You are currently viewing Man Pleads Guilty to $9.5 Million Fraud Scheme

Man Pleads Guilty to $9.5 Million Fraud Scheme

A Texas man pleaded guilty in federal court on Monday to his role in a multi-million dollar fraud scheme in which conspirators impersonated North Kansas City-based Cerner Corporation in series of business and legal activities.

Albert Davis, 56, of Richardson, Texas, pleaded guilty before U.S. Chief District Judge Greg Kays to participating in a conspiracy to commit wire fraud.

By pleading guilty on Monday, Davis admitted that he was the leader of a conspiracy to commit wire fraud in which more than 10 victims suffered losses exceeding $9.5 million from Aug. 25, 2005, to Feb. 19, 2015. Conspirators engaged in a scheme to use Cernet Corporation’s reputation and standing in the medical field to manipulate business transactions and court proceedings in their favor.

Davis is the fith defendant to plead guilty. Co-defendants David Hernon, 55, of Fishers, Indiana, David Tayce, 67, of Lucas, Texas, and Richard Bryant, 41, and his wife, Christina Bryant, 41, both of Sachse, Texas, have also pleaded guilty to their roles in the conspiracy.

In order o impersonate Cerner Corporation, Davis and his co-conspirators created a fake Cerner business entity for a similarly-named company, Cerner, LLC. Conspirators opened a fake Cerner bank account, registered a fake Cerner Internet domain and leased virtual office space for a fake Cerner Address in Kansas City, Missouri. They created fictitious employees from Cerner Corporation – including both fictitious identities and impersonating actual employees – to communicate with others.
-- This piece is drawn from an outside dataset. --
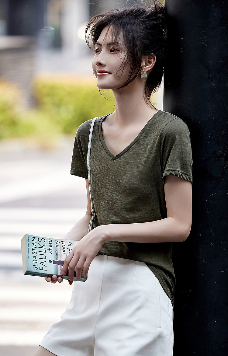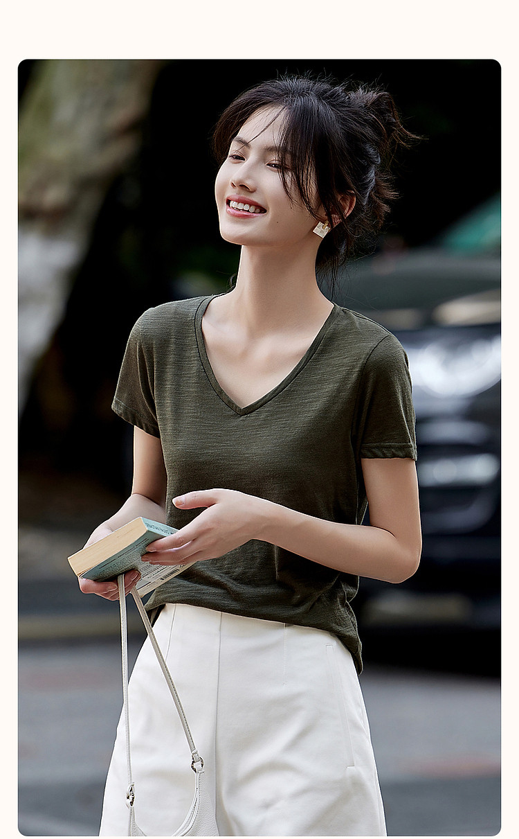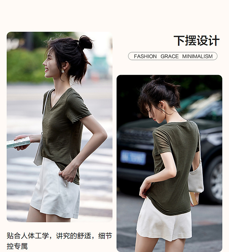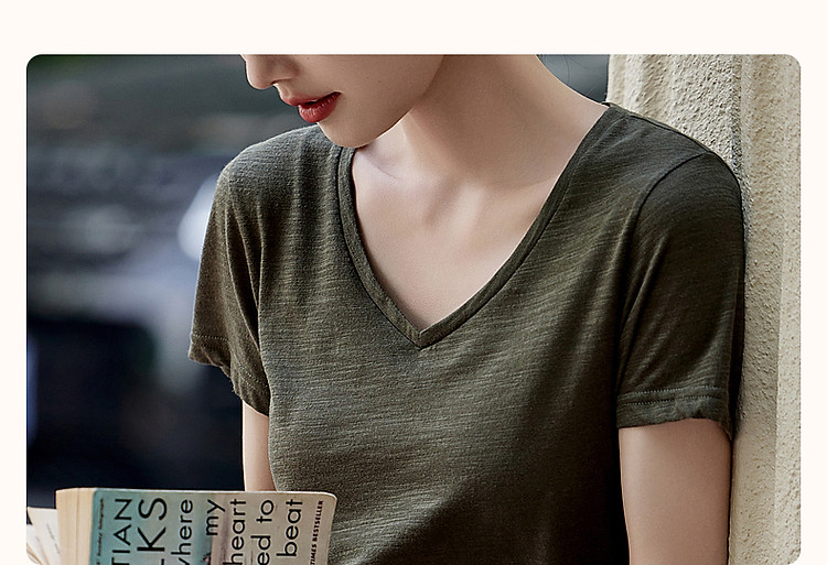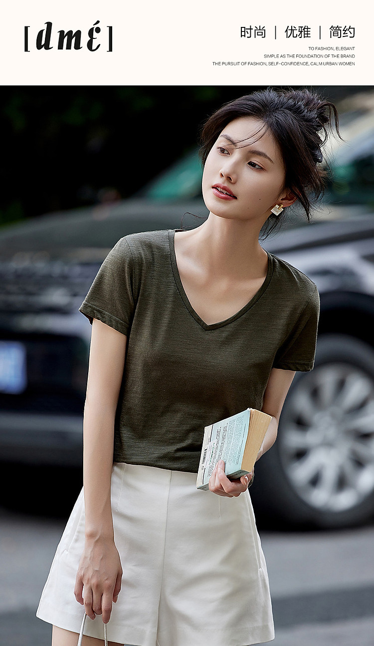 商品名称:【静奢风通勤】夏轻熟风桃心领清凉薄款短袖简约女式t恤 617281

Conspirators fabricated documents, price quotes, agreements and invoices, which were all made to appear to be authentic Cerner Corporation Documents, when they were not.
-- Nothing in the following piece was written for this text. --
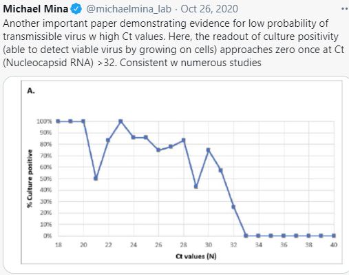 Dr. Mina posted this chart on October 26, 2020, demonstrating evidence for low probability of transmissible virus with high Ct values, in other words, how running more than 32 cycles can produce a practically meaningless positive test result. He wrote, “The readout of future positivity (able to detect viable virus by growing on cells) approaches zero once at Ct (nucleocapsid RNA) >32. Consistent with numerous studies.”
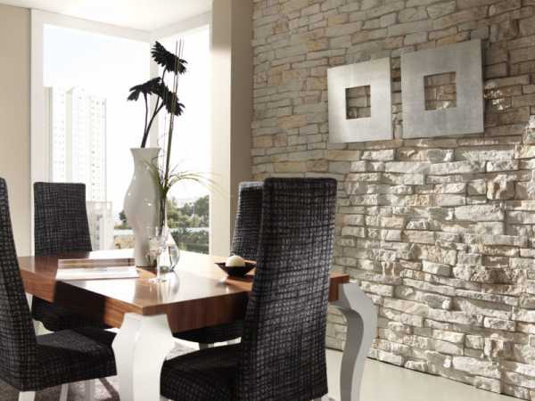 На фото декоративная каменная облицовка светлого оттенка на стене в интерьере столовой.

For example, conspirators sent e-mails to doctors at Summit Medical Center in Oklahoma, which falsely represented Cerner Corporation in negotiations by containing a quote for the sale of a MRI to Summit Medical Center. Conspirators also created fraudulent invoices for the sale of an MRI to Dallas Medical Center.
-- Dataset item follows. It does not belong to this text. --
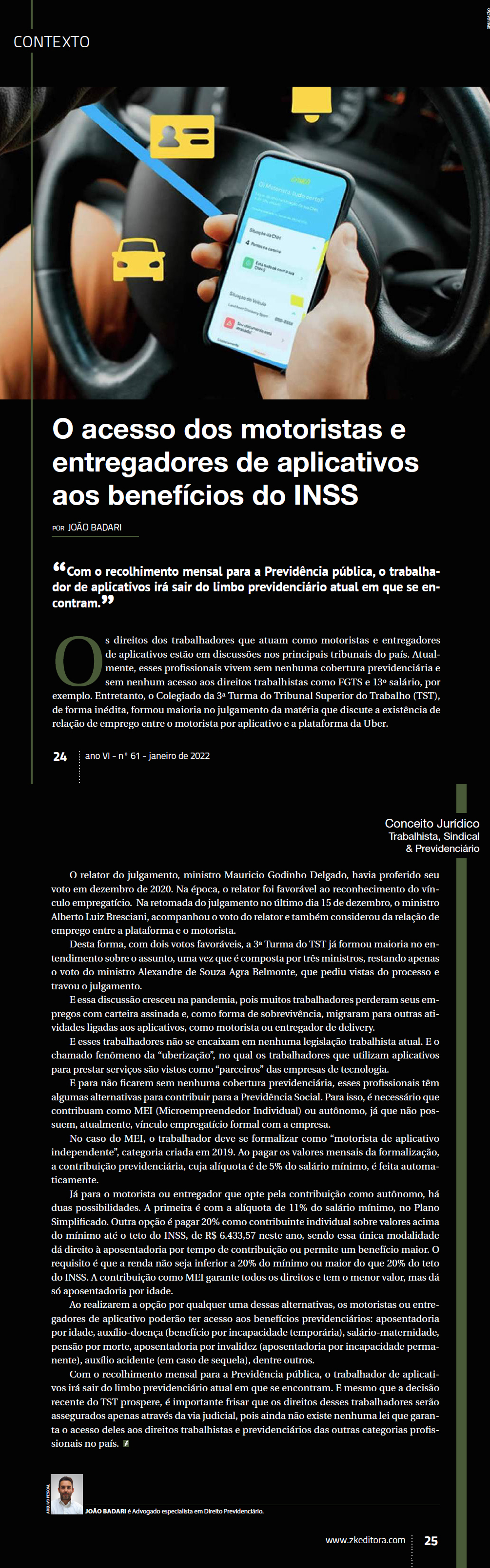 O acesso dos motoristas e entregadores de aplicativos aos benefícios do INSS

Davis also admitted that conspirators provided false and misleading information and testimony during the litigation of several lawsuits. The false and misleading testimony was regarding business deals where the conspirators had impersonated Cerner Corporation.

For example, Davis received a jury award of $24 million following the 2014 trial in LBDS Holding Company, LLC v. ISOL Technology, Inc., et al., Case No. 6:11-CV-428-LED, in the Eastern District of Texas. When the fraud was discovered, attorneys for ISOL Technology filed an emergency motion for sanctions against LBDS (Davis’s company). Davis admitted that similar false and misleading testimony was provided by conspirators in iHeart Care DMC Holdings, LC. v. Dallas Medical Center, LLC., et al., Case No. 13-09460, in Dallas County, Texas; and Alice George, et al., v. ALbert Davis, et al., Case No. 3:13-CV-03058-PKH, in the Western District of Arkansas.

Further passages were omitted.